The Help
[This article was submitted by John from Phoenix as a comment to a recent article, but since it addressed a new topic, I have chosen to feature it as the first guest commentator article here at Sense. I may select future comments for use as separate articles, and encourage any readers to send other article ideas to me by E-mail.]
I am currently reading (listening to an audio book) "The Help" by Kathryn Stockett. My wife put me on to it. Her story takes place in Jackson Mississippi in the early 60's at the time Medgar Evers was murdered. Although she lived in Jackson, her picture makes her too young to have been alive at the time Edgars was killed.
Nevertheless, I am captivated by her story. Her main character is a white woman only 23 years old, possibly modeled on herself. Her character convinces a few black maids to tell her stories of their experiences that she hopes to publish. She describes the pressure that the "help" feel in doing this which could cause physical harm and certainly economic harm if found out. She also describes the fear the protagonist feels in losing the esteem of her society and the romantic interest of a budding politician she has fallen in love with.
Her story seems a fantasy. What black woman at that time would risk her economic and physical life to a 23 year old idealist? But that is the story of the civil rights movement: many blacks risked everything. After all, Martin Luther King was a martyr.
1 Comments:
I am adding this book to my list. I remember the Mississippi writer, Shelby Foote, saying in an interview in his twilight years how he only lately realized how much the Southern white society he grew up in depended on the reliable and loving work of African-Americans. An interview with Kathryn Stockett, at Book Reporter, includes similar sentiments.
The civil rights workers of that era, and African Americans in the South who were open to their appeals, were definitely courageous, and at a time when mainstream white society, even in the North, was not supportive. As national television news coverage became quite popular, the images of vicious attacks on civil rights workers in the South and reporting of murders like that of Medgar Evers began to change the attitude of Northern whites, and was reflected in the passage of Federal Civil Rights laws a few years later.

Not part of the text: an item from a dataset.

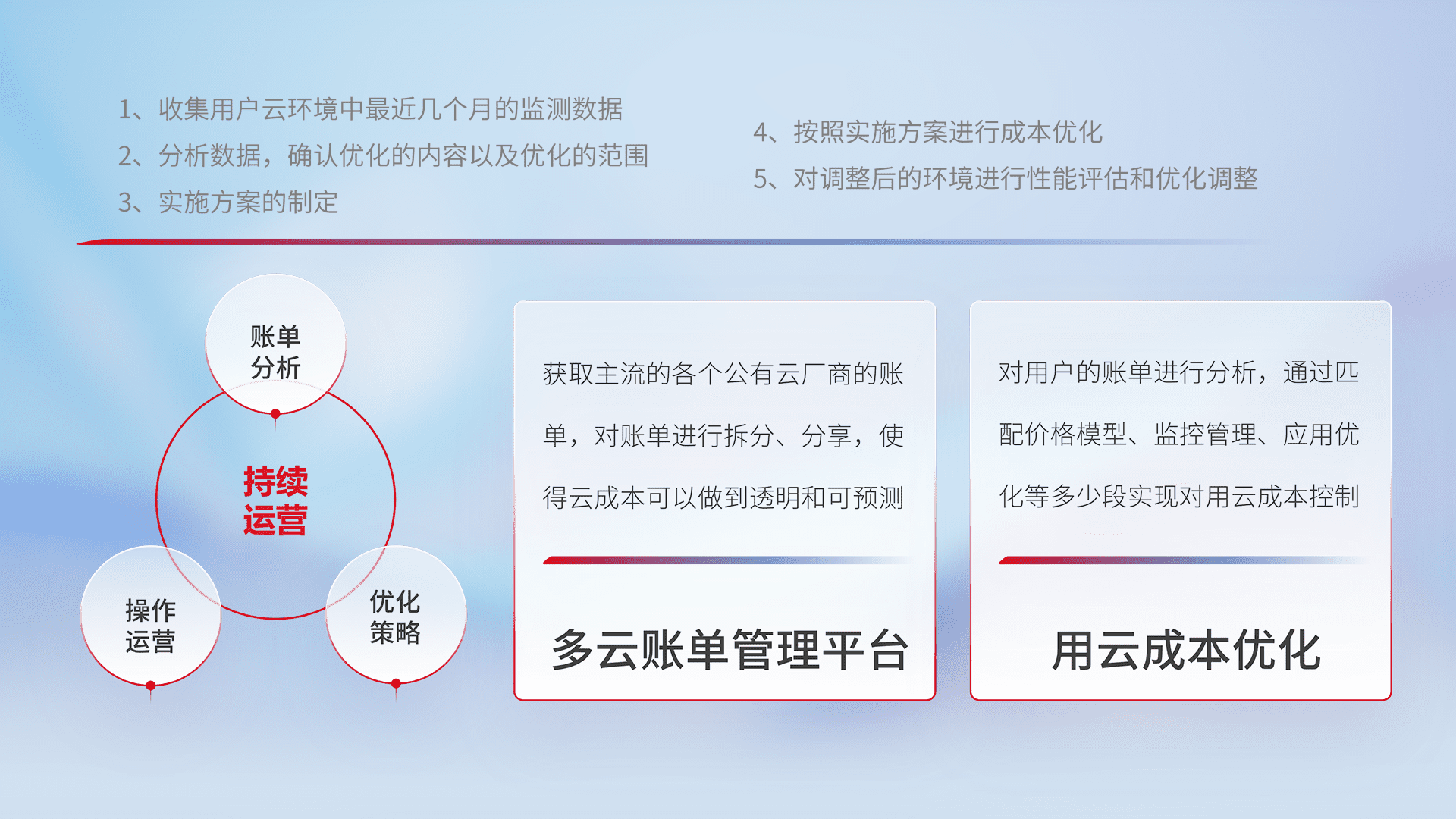 通过多云纳管,,以统一的资源数据模型把客户的云资源进行抽象和封装,,,,进而实现对多云资源的统一操作,,,保障云资源管理的可靠性、、、稳定性与可用性。。。。量身定制化运维内容,,配置、、开发运维、、补丁管理、、、、备份、、、、监控、、、、认证和访问管理、、、审计和日常巡检等,,,,保障在用云过程中的可靠度,,稳定度以及高可用率。。。。

My own experience during those years was somewhat unique, a white youth raised in a black community in the North. I did not see black elders as domestics, but as adults and parents of my play mates, deserving of the same respect owed all our elders. Though I was working for a black attorney in Seattle at the time of the passage of the Civil Rights laws, and some local civil rights leaders did visit our office from time to time, our office was not involved in that kind of work.
I do remember the ship scalers union across from our office had mostly black workers born in the South, who had never been given birth certificates, which was a problem when they were applying for Social Security retirement. I had to deal with white Southern bureaucrats to put together enough evidence to convince them to issue a delayed birth certificate. One particularly obstinate bureaucrat, from Missisippi I think, sent back a certified evidentiary document that had taken me a long time to obtain and told me some piece of information on it was wrong and I had to "change it". The information was actually irrelevant, but the scoundrel wanted to put me back through the time consuming process of recertification. Instead, I waited a discreet week, then altered the document to correct the irrelevant error, and sent it back saying "I changed it". Not a particularly courageous act on my part, but it worked and the client was pleased to be able to retire.
One of the joys of operating my own law office years later was having several of the neighborhood adults I grew up respecting choose me to help them with their legal affairs.